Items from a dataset
____________

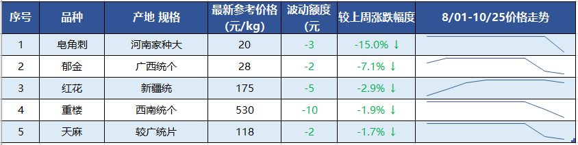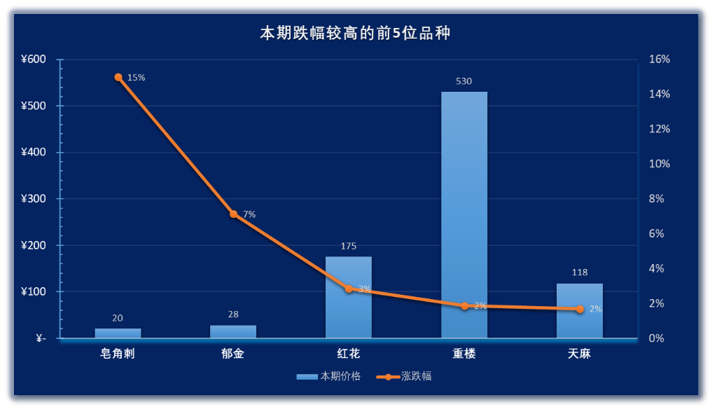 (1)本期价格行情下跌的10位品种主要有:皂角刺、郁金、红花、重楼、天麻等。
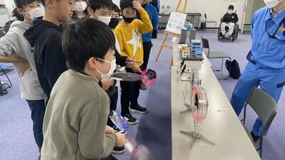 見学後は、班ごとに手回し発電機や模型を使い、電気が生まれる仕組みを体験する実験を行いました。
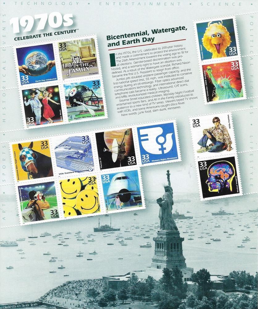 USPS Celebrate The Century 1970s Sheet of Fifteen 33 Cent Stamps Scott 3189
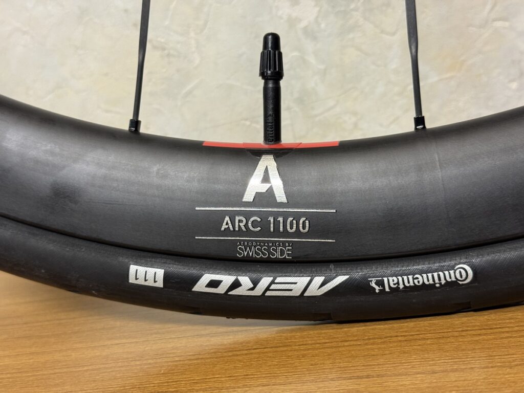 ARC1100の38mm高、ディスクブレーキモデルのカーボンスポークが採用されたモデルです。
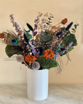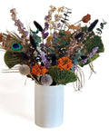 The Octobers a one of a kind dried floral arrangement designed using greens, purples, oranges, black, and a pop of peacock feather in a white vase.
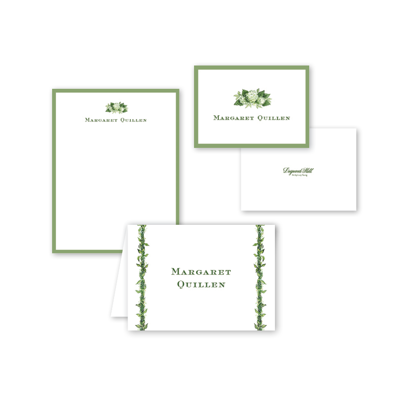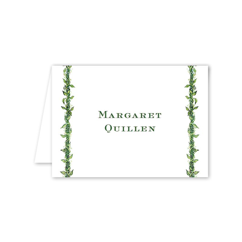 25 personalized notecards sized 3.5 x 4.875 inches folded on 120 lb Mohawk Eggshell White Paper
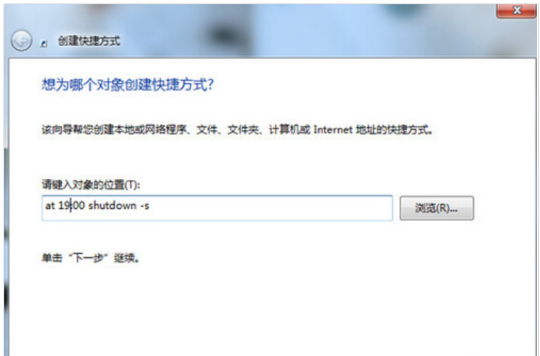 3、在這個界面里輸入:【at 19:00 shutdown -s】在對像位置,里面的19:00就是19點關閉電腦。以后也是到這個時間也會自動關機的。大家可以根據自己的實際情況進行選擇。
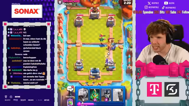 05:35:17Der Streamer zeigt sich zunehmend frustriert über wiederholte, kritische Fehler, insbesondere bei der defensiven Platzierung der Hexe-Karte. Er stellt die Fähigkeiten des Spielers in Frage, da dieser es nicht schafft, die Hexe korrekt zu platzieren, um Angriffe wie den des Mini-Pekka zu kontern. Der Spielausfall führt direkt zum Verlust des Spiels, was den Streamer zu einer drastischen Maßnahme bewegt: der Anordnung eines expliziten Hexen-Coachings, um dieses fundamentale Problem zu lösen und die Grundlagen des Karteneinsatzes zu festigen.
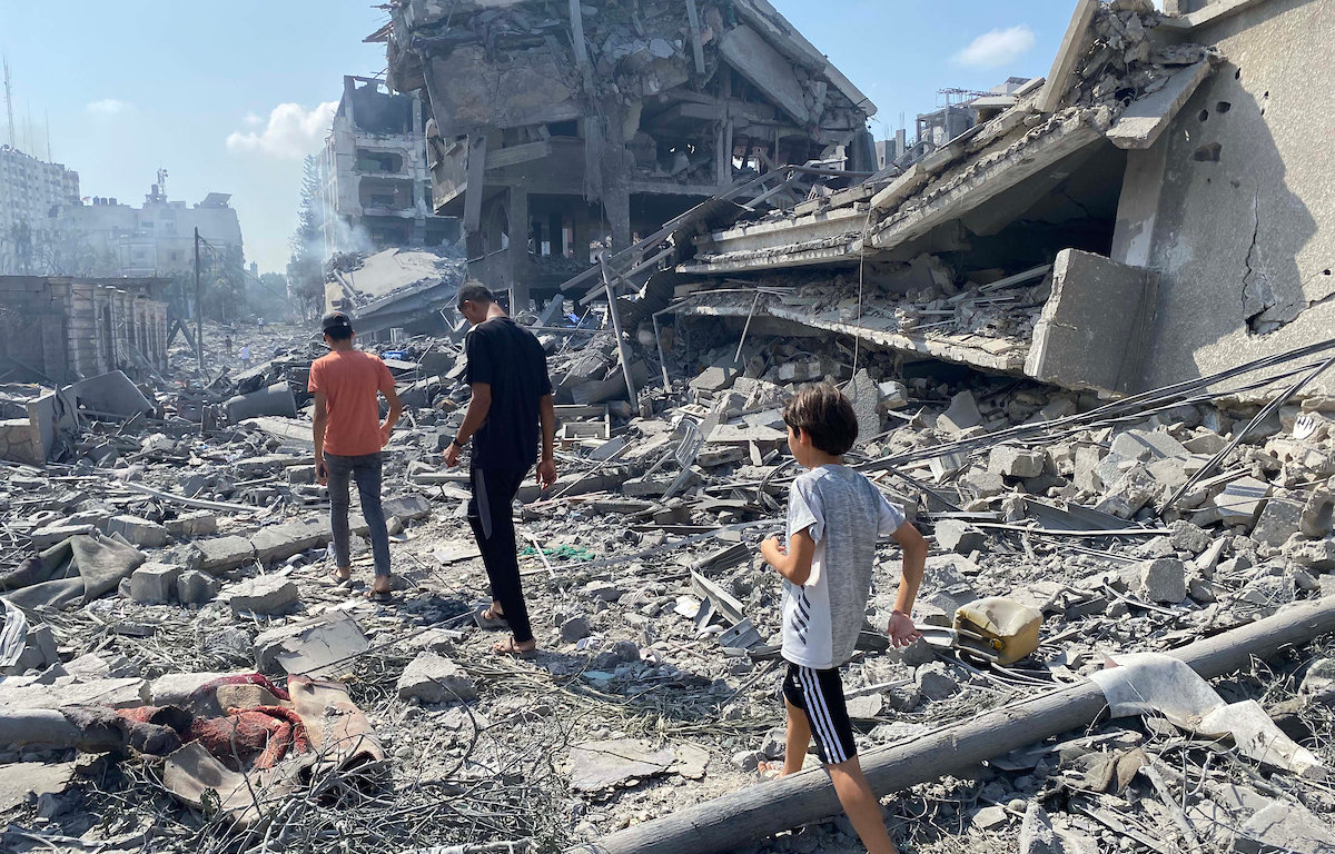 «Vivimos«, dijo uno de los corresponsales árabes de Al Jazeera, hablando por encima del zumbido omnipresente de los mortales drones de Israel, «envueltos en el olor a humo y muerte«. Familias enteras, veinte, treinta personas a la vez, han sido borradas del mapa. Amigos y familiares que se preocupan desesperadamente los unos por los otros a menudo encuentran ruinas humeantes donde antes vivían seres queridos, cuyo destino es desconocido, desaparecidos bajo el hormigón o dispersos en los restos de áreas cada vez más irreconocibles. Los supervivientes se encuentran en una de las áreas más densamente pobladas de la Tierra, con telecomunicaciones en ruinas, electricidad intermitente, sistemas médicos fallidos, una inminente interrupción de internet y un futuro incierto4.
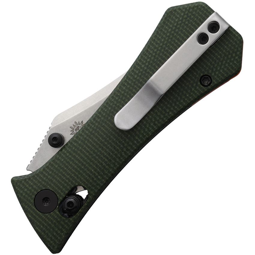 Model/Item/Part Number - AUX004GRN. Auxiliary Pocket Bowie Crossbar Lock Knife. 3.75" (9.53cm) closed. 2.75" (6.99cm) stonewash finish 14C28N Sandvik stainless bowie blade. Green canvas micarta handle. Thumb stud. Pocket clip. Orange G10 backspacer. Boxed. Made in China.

____________

Assignment:
Leave the pictures out and restate exactly the lines from the one that has "ARC1100の38mm高、" through the final line of the entries above, both ends included.

Solution:
 ARC1100の38mm高、ディスクブレーキモデルのカーボンスポークが採用されたモデルです。
 The Octobers a one of a kind dried floral arrangement designed using greens, purples, oranges, black, and a pop of peacock feather in a white vase.
 25 personalized notecards sized 3.5 x 4.875 inches folded on 120 lb Mohawk Eggshell White Paper
 3、在這個界面里輸入:【at 19:00 shutdown -s】在對像位置,里面的19:00就是19點關閉電腦。以后也是到這個時間也會自動關機的。大家可以根據自己的實際情況進行選擇。
 05:35:17Der Streamer zeigt sich zunehmend frustriert über wiederholte, kritische Fehler, insbesondere bei der defensiven Platzierung der Hexe-Karte. Er stellt die Fähigkeiten des Spielers in Frage, da dieser es nicht schafft, die Hexe korrekt zu platzieren, um Angriffe wie den des Mini-Pekka zu kontern. Der Spielausfall führt direkt zum Verlust des Spiels, was den Streamer zu einer drastischen Maßnahme bewegt: der Anordnung eines expliziten Hexen-Coachings, um dieses fundamentale Problem zu lösen und die Grundlagen des Karteneinsatzes zu festigen.
 «Vivimos«, dijo uno de los corresponsales árabes de Al Jazeera, hablando por encima del zumbido omnipresente de los mortales drones de Israel, «envueltos en el olor a humo y muerte«. Familias enteras, veinte, treinta personas a la vez, han sido borradas del mapa. Amigos y familiares que se preocupan desesperadamente los unos por los otros a menudo encuentran ruinas humeantes donde antes vivían seres queridos, cuyo destino es desconocido, desaparecidos bajo el hormigón o dispersos en los restos de áreas cada vez más irreconocibles. Los supervivientes se encuentran en una de las áreas más densamente pobladas de la Tierra, con telecomunicaciones en ruinas, electricidad intermitente, sistemas médicos fallidos, una inminente interrupción de internet y un futuro incierto4.
 Model/Item/Part Number - AUX004GRN. Auxiliary Pocket Bowie Crossbar Lock Knife. 3.75" (9.53cm) closed. 2.75" (6.99cm) stonewash finish 14C28N Sandvik stainless bowie blade. Green canvas micarta handle. Thumb stud. Pocket clip. Orange G10 backspacer. Boxed. Made in China.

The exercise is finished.